Your task: A faithful copy of every entry is the goal; keep the images out of it.
..............................
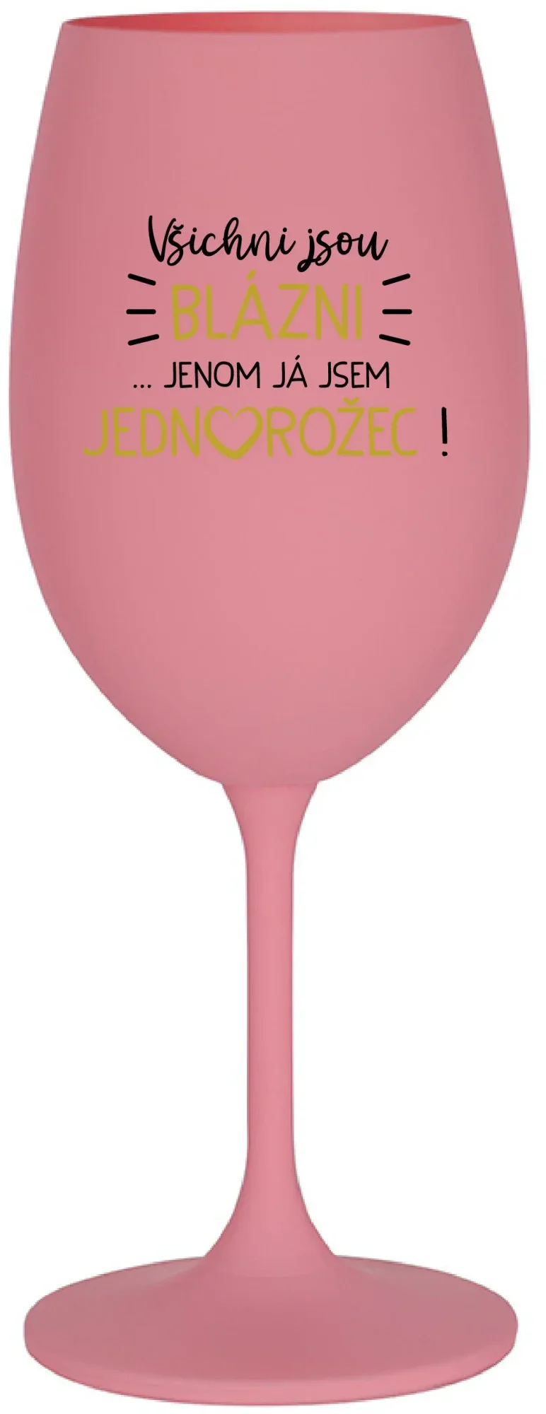 VŠICHNI JSOU BLÁZNI...JENOM JÁ JSEM JEDNOROŽEC! - růžová sklenice na víno 350 ml
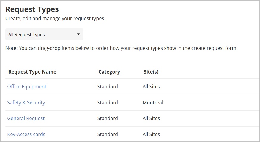 Before your employees can begin submitting requests, your management team needs to create their request types. Request types allow you categorize the types of requests that can be submitted and set the specific details that need to be provided for each type. A standard request is a service request created in Request Manager that isn’t linked to a room, such as a general maintenance, IT, or facilities request. A Meeting (Room Booking) request is a service request created directly from a room booking, linking services like catering, IT, or room setup to the scheduled meeting. After your organization’s request types are created, Request Managers can then subscribe to view and manage their desired request types. Request types are managed under the settings in Request Manager.
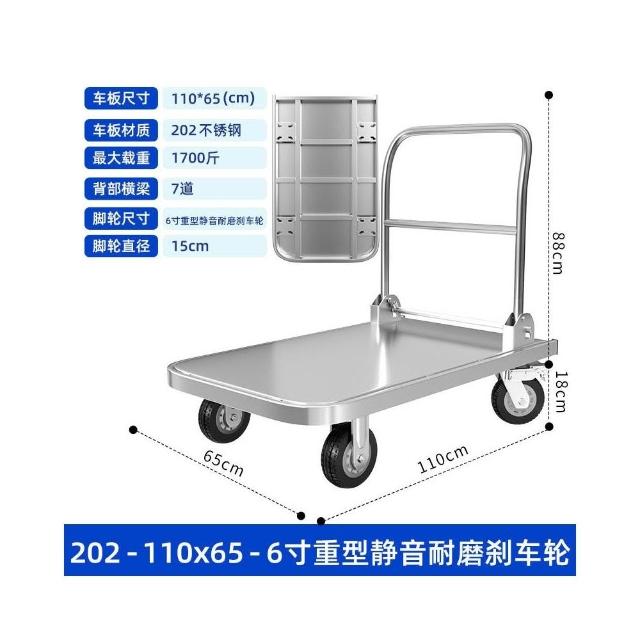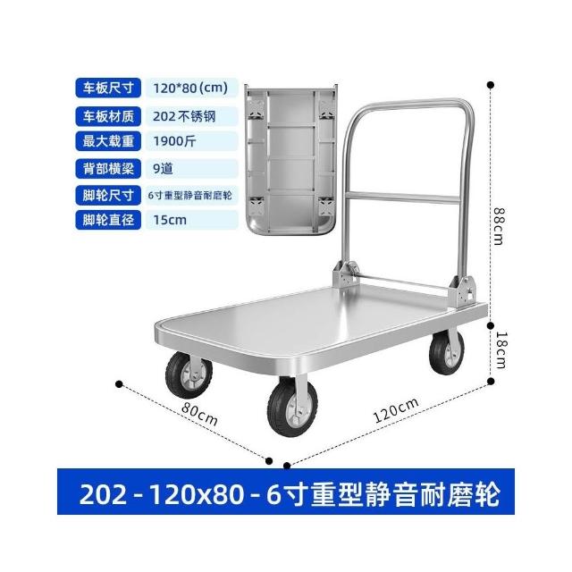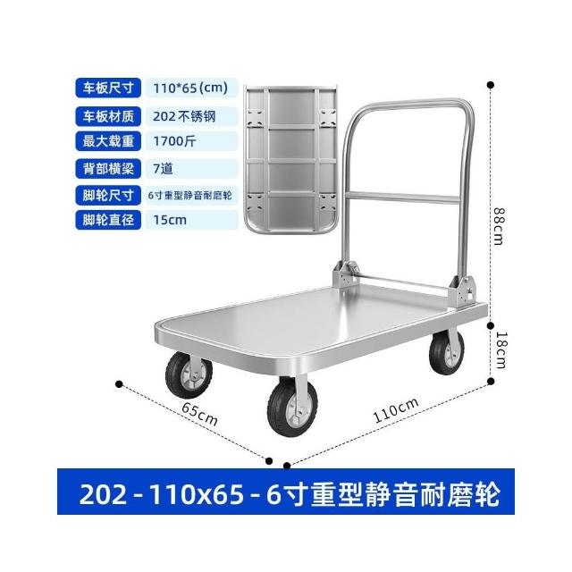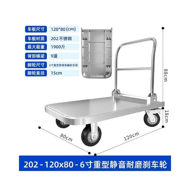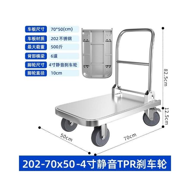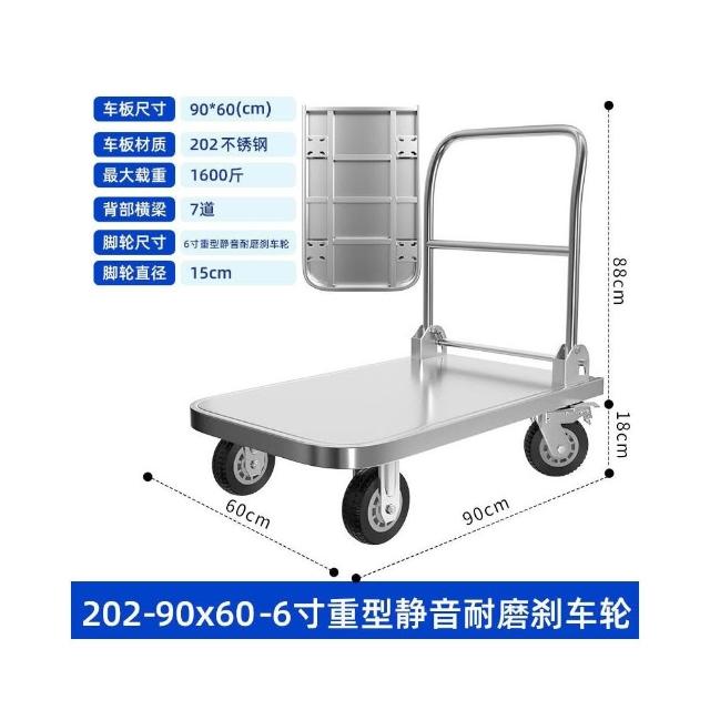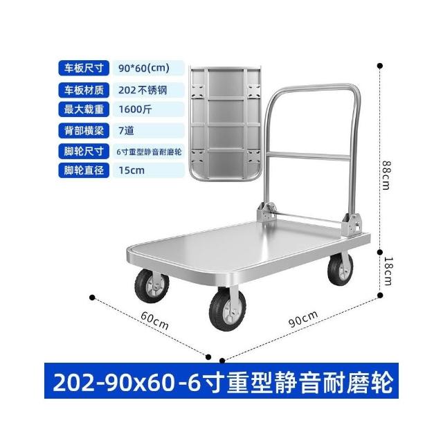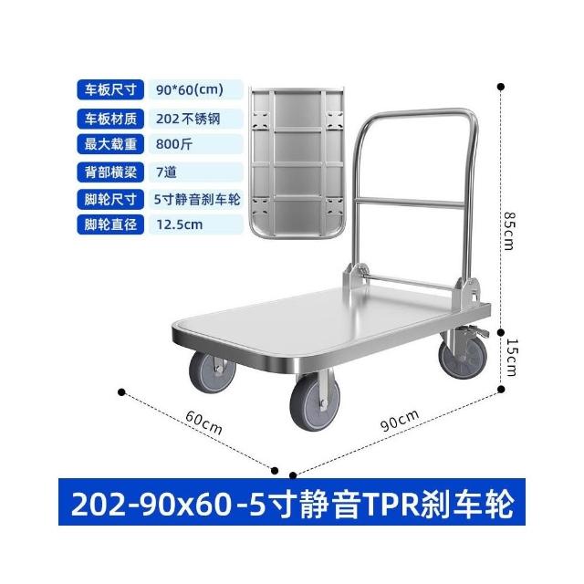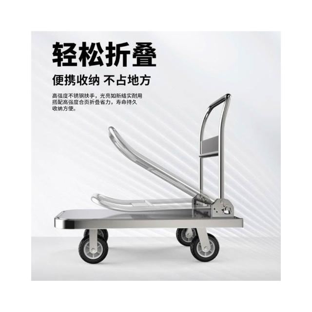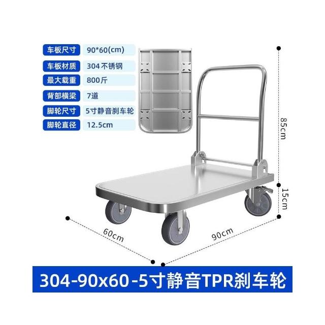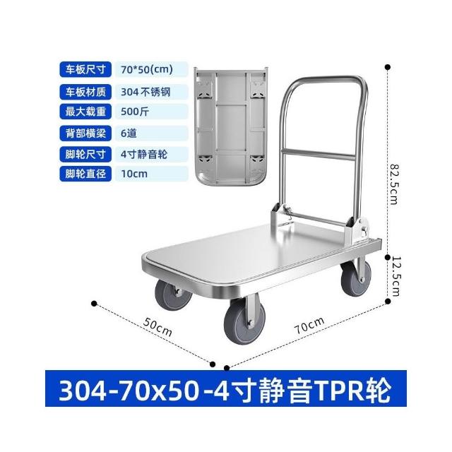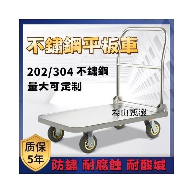 304不銹鋼手推車 平板車 搬運車 推貨車 靜音折疊水產海鮮拉貨車拖車
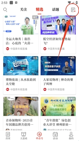 1、若要发布文章,需先进入“中青号”版块,进入该版块后,点击右上角的发布按钮即可。
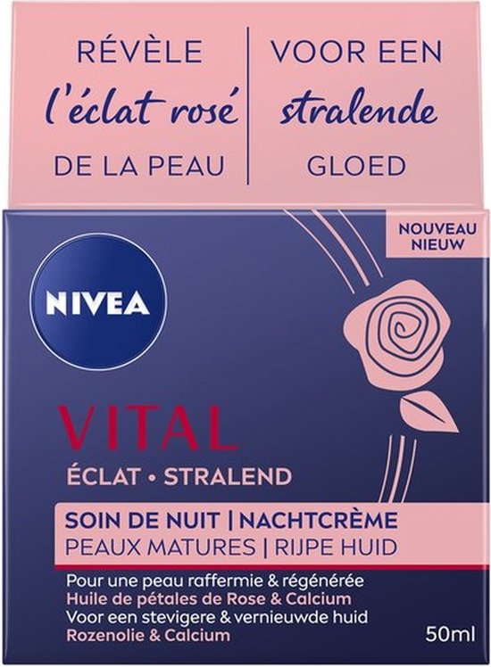 NIVEA Vital Stralende Nachtcrème 50ml. Voor een stralende gloed. Deze formule met Rozenolie & Calcium voedt de huid intensief tijdens de nacht en geeft een comfortabel gevoel bij het ontwaken. De formule bevat creatine om de natuurlijke aanmaak van collageen in huidcellen te stimuleren*. De huid wordt vernieuwd en verstevigd. Resulteerd in een gevitaliseerde en stralende huid. En verminderd zichtbaar rimpels. verminderd De intense hydratatie geeft de huid een comfortabel gevoel. * in vitro getest.
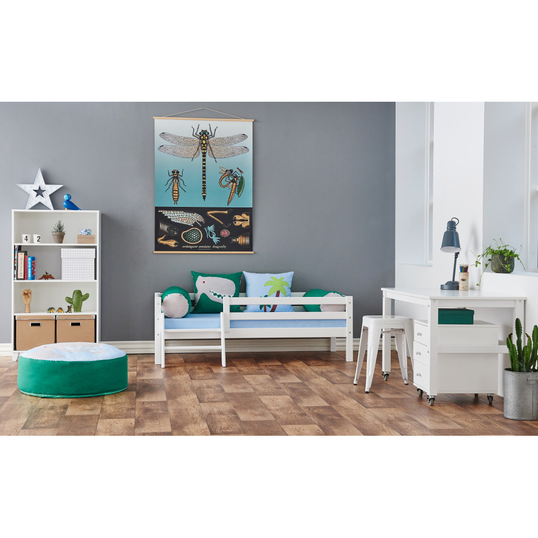 Sous le lit, vous trouverez beaucoup de place pour le stockage - par ex. Avec les grands tiroirs spacieux sur roues de Hoppekids.
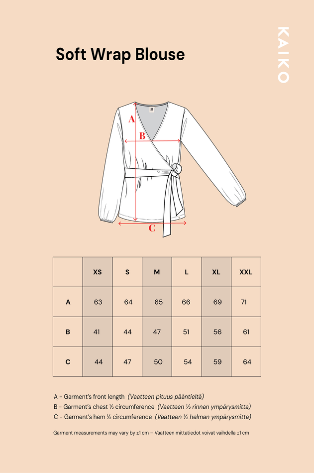 Nettiostoksilla kannattaa turvautua mittanauhan tai verkkokaupan kokotyökalun apuun. Tarkista vaatemerkin kehon mittojen mukainen kokotaulukko ja vaatteen mitat, jos ne ovat saatavilla. Ole tarvittaessa yhteydessä asiakaspalveluumme tarkempien mittojen saamiseksi.
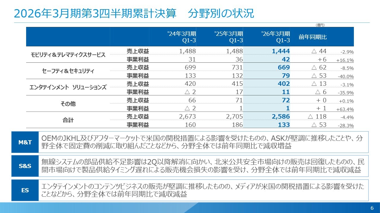 2026年3月期第3四半期累計決算 分野別の状況
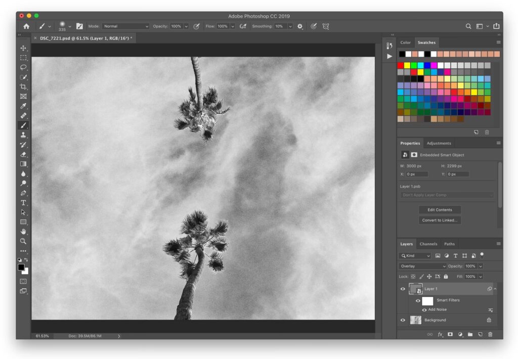 - Fleksibelt: Du kan nemt justere støjens intensitet ved at ændre lagets opacitet.
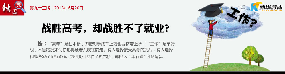“就業(yè)”的意義 高考不再獨尊,學歷不是唯一。多元的教育模式培養(yǎng)多元的人才,全新的評價體系造就各路英雄。高考神馬終歸是浮云,養(yǎng)家糊口才是終極目標。這即是“就業(yè)”的意義。
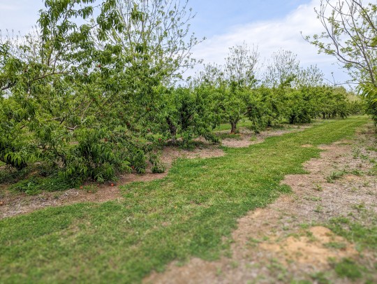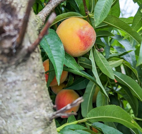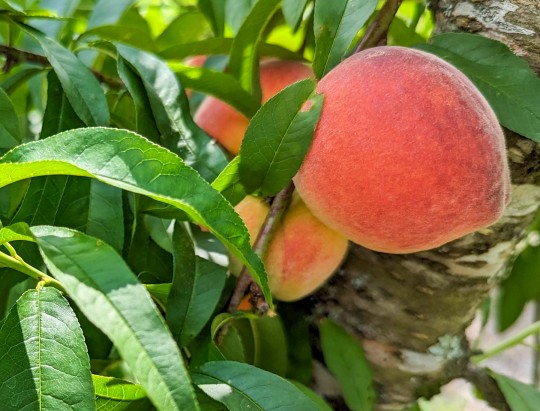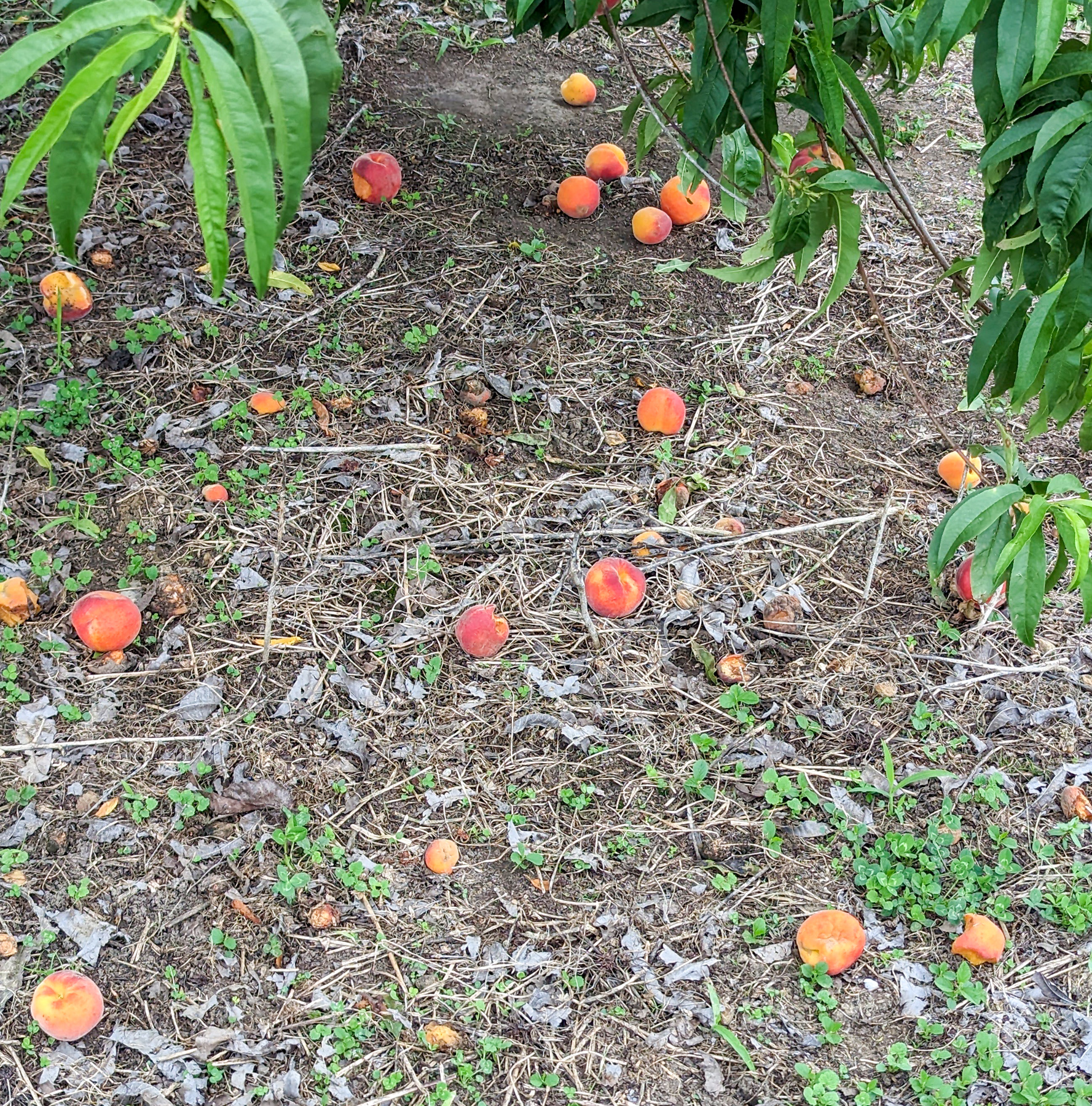 When we visited last Saturday, many of the peaches showed obvious damage from the freeze, and many smaller ones had fallen to the ground. While it was a bit of a scavenger hunt, decent size sweet peaches could be found across the orchard.
..............................
Answer space:
 VŠICHNI JSOU BLÁZNI...JENOM JÁ JSEM JEDNOROŽEC! - růžová sklenice na víno 350 ml
 Before your employees can begin submitting requests, your management team needs to create their request types. Request types allow you categorize the types of requests that can be submitted and set the specific details that need to be provided for each type. A standard request is a service request created in Request Manager that isn’t linked to a room, such as a general maintenance, IT, or facilities request. A Meeting (Room Booking) request is a service request created directly from a room booking, linking services like catering, IT, or room setup to the scheduled meeting. After your organization’s request types are created, Request Managers can then subscribe to view and manage their desired request types. Request types are managed under the settings in Request Manager.
 304不銹鋼手推車 平板車 搬運車 推貨車 靜音折疊水產海鮮拉貨車拖車
 1、若要发布文章,需先进入“中青号”版块,进入该版块后,点击右上角的发布按钮即可。
 NIVEA Vital Stralende Nachtcrème 50ml. Voor een stralende gloed. Deze formule met Rozenolie & Calcium voedt de huid intensief tijdens de nacht en geeft een comfortabel gevoel bij het ontwaken. De formule bevat creatine om de natuurlijke aanmaak van collageen in huidcellen te stimuleren*. De huid wordt vernieuwd en verstevigd. Resulteerd in een gevitaliseerde en stralende huid. En verminderd zichtbaar rimpels. verminderd De intense hydratatie geeft de huid een comfortabel gevoel. * in vitro getest.
 Sous le lit, vous trouverez beaucoup de place pour le stockage - par ex. Avec les grands tiroirs spacieux sur roues de Hoppekids.
 Nettiostoksilla kannattaa turvautua mittanauhan tai verkkokaupan kokotyökalun apuun. Tarkista vaatemerkin kehon mittojen mukainen kokotaulukko ja vaatteen mitat, jos ne ovat saatavilla. Ole tarvittaessa yhteydessä asiakaspalveluumme tarkempien mittojen saamiseksi.
 2026年3月期第3四半期累計決算 分野別の状況
 - Fleksibelt: Du kan nemt justere støjens intensitet ved at ændre lagets opacitet.
“就業(yè)”的意義 高考不再獨尊,學歷不是唯一。多元的教育模式培養(yǎng)多元的人才,全新的評價體系造就各路英雄。高考神馬終歸是浮云,養(yǎng)家糊口才是終極目標。這即是“就業(yè)”的意義。
 When we visited last Saturday, many of the peaches showed obvious damage from the freeze, and many smaller ones had fallen to the ground. While it was a bit of a scavenger hunt, decent size sweet peaches could be found across the orchard.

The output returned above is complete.